The modifications made by new paragraph 4A(1) are that the assignment must be by electronic communication made by the assignor or by his agent authorised in writing, and the express notice must be given to the company by electronic communication. “Electronic communication” has the same meaning as in the Electronic Communications Act 2000 (c 8).

New paragraph 4A(2) provides that the application of section 136 by new paragraph 4A(1) is of no effect in a particular case if the company refuses to register the transfer of shares in that case.

New paragraph 4A(1) does not affect any transfer or assignment which would otherwise be effectual in law (see new paragraph 4A(3)).

New paragraph 4B disapplies section 1(2)(a)(ii) of the Requirements of Writing (Scotland) Act 1995 (c 7) (which requires gratuitous unilateral obligations (gifts) to be in writing) to gifts of OEIC shares by electronic communication. The company may require evidence of the right of the transferor to make the gift. However, the disapplication is of no effect if the company refuses to register the transfer (new paragraph 4B(3)).

New paragraph 4C requires the company to take reasonable steps to ensure that an electronic communication purporting to be made by a transferor is in fact made by that transferor; but failure to take such steps does not make the transfer void or otherwise affect its validity.

New paragraph 5(3A) specifies the meaning of the phrase “transfer documents” which are required in relation to a transfer made by electronic communication. A company may not register a transfer unless the transfer documents have been delivered to it (paragraph 5(3) of the principal Regulations).

New paragraph 6(2) gives open-ended investment companies a right to refuse to register any transfer of shares made by electronic communication.

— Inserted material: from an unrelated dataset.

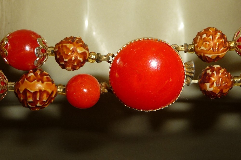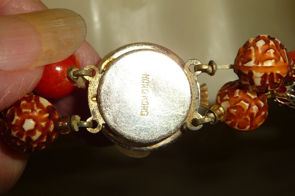 A5#61X **** 10" LONG IN HALF ** SEE PHOTOS *** HONG KONG MARKED ** PRE OWNED *** BUYING AS IS *** OUT OF AN ESTATE **** SELLING AS I FOUND IT *** I KNOW NOTHING ABOUT THIS ITEM EXCEPT FOR WHAT I SEE *** vintage costume NECKLACE *** *** SEE PHOTOS FOR DESCRIPTION AND CONDITION OF THIS ITEM *** ALL SIZES ARE APPROX *** SOME pictures were taking with a flash and appear brighter then they appear in person PRE OWNED USED SUBJECT TO IMPERFECTIONS I MAY HAVE MISSED AGE DISCOLORING SPOTS AND WEAR & AGE SCENT ) ( and stone discoloring if any ) *** IN good AS IS CONDITION *** SUBJECT TO MISSING STONES DIRT SPOTS SCUFFS SCRATCHES WEAR FADING DISCOLORING AGE SCENT ETC & MINOR IMPERFECTIONS I MAY HAVE MISSED PRE OWNED *** SEE PHOTOS FOR EXAMPLES OF WHATS IN THIS LOT and CONDITION === this is vintage and is subject to imperfections and discoloring +++ I DO COMBINE SHIPPING WITH JUST ONE $3.00 HANDLING FEE +++ NOTE MY $3.00 handling fee which appears on shipping cost on invoice DOES NOT APPEAR ON POSTAL SHIPPING LABEL +++ MULTIPLE PURCHASE MAY CHANGE SHIPPING FEE DUE TO CHANGE IN WEIGHT AND SIZE OF package *** SEE MY OTHER LISTINGS at lib_kat

A full regulatory impact assessment of the effect that this instrument will have on the costs of business is available on HM Treasury's website (www.hm-treasury.gov.uk) or from Savings and Investment Team, HM Treasury, 1 Horse Guards Road, London SW1A 2HQ and is annexed to the Explanatory Memorandum which is available alongside the instrument on the OPSI website (www.opsi.gov.uk).